November 15, 2013, by Matt
Summer Geoging … Diggers 2012
Briony McDonagh blogs about her summer fieldwork…
While other members of the School of Geography have spent the summer conducting fieldwork in places as far afield as Brazil and Siberia, my research has kept me rather closer to home. In fact, my most recent field experience took place just a couple of hours down the M1 (and round the M25) in Surrey.
Here, Dr. Carl Griffin (University of Sussex) and I visited the Runnymede eco-village, a low-impact, squatter settlement in woodland on the outskirts of Egham. The community – established in June 2012 by a group calling themselves the Diggers 2012 – consists of a communal kitchen and a geodesic dome, which act as meeting spaces at the centre of a widely scattered group of tents, wooden huts and other temporary structures. Built on disused land owned by a private property developer, the camp is envisioned by those living there as a radical community, a challenge to a ‘system in crisis’ and part of a wider political project to reform capitalist property relations and more equitably distribute land. Significantly, despite three attempts by the developer to evict them from the site, the Diggers are still there 15 months on.

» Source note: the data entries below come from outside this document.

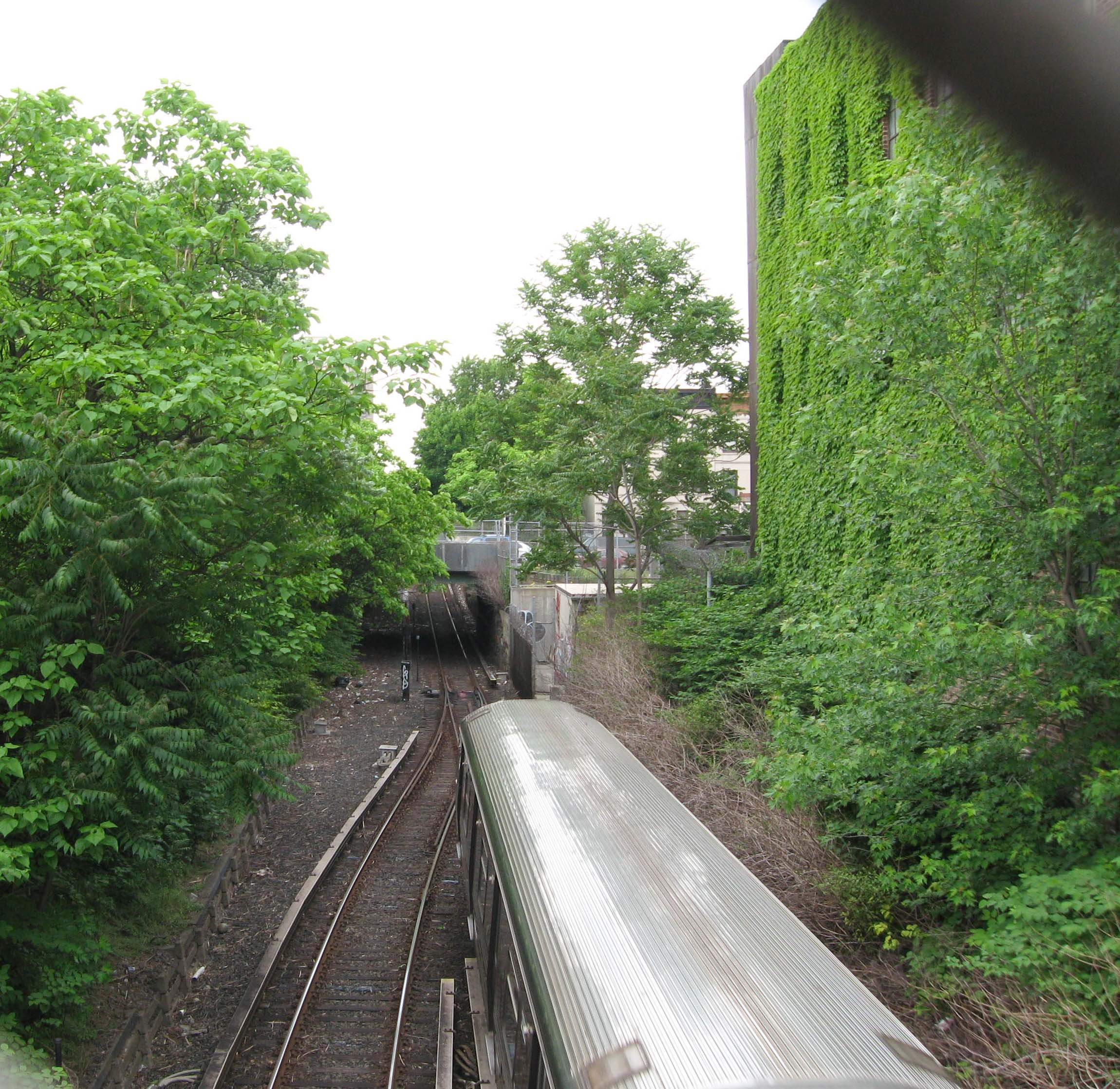 R68 train northbound towards Fulton Street away from camera on a partly cloudy afternoon
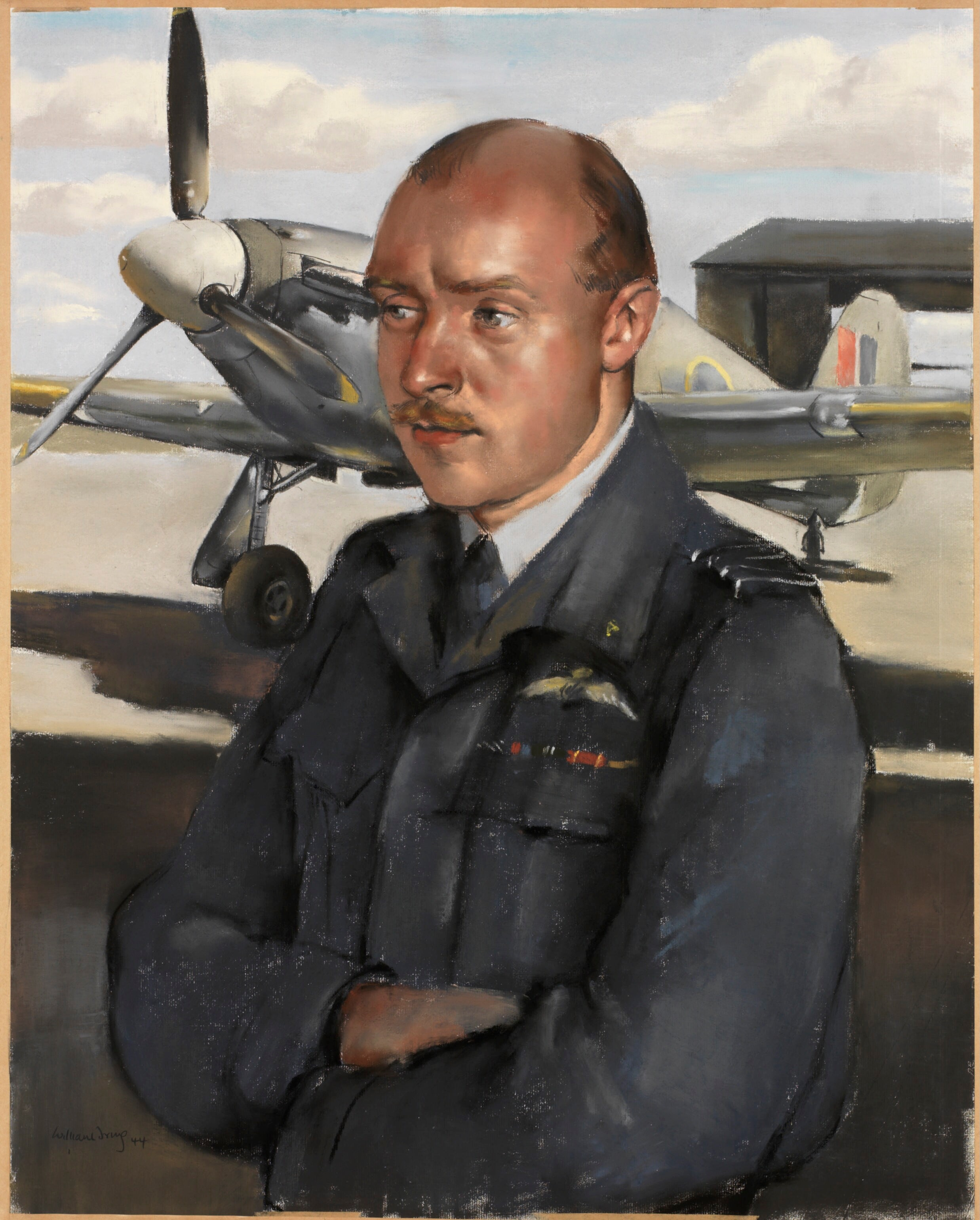 A half-length portrait of Group Captain Anthony Miller , in RAF uniform, standing in front of a Hawker Hurricane fighter with a hangar in the background.
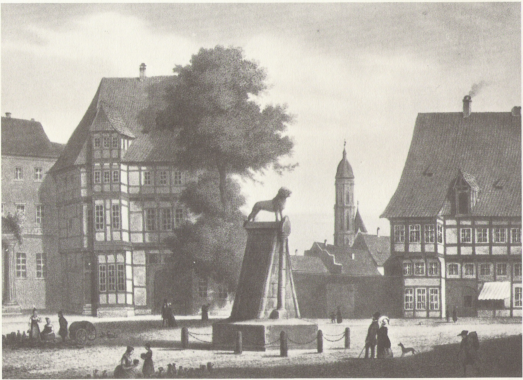 Lithography of the castle square in Braunschweig
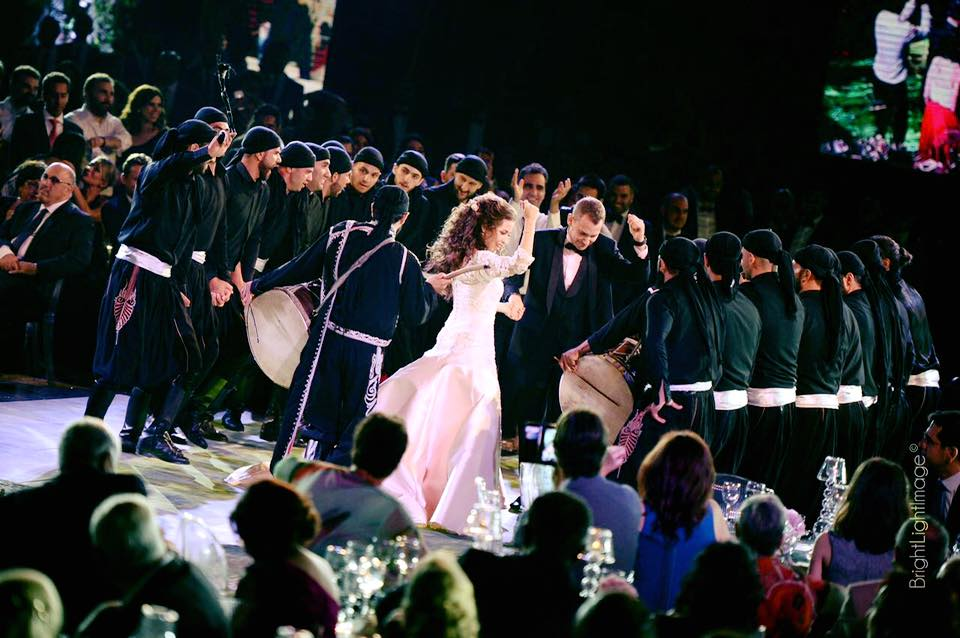 Arabic wedding Dabkeh Zaffeh

This was our second visit to the Runnymede eco-village, which we’re interested in as part of a larger project on the contemporary land reform movement and their mobilizations of radical history – in this case, the 17th-century Diggers who founded an agrarian community at nearby St George’s Hill. Having slipped and slithered through the mud, we finally found the community amongst the trees – this time in full leaf, which made the site look surprisingly different to our last visit. The Diggers have been busy since then too. There’s now a brick-built oven, two guest houses and some very impressive log dwellings, and the group have identified a new spring and terraced part of the hill slope to grow vegetables. There are also free-range hens pottering about the site, which are kept for eggs though one or two have met their end in the cook’s pot! Given some truly dreadful weather, we spent most of the day hiding from the rain and interviewing the residents over cups of tea, before finally photographing the eco-village and the nearby Magna Carta memorial in surprise evening sunshine. All in a great day!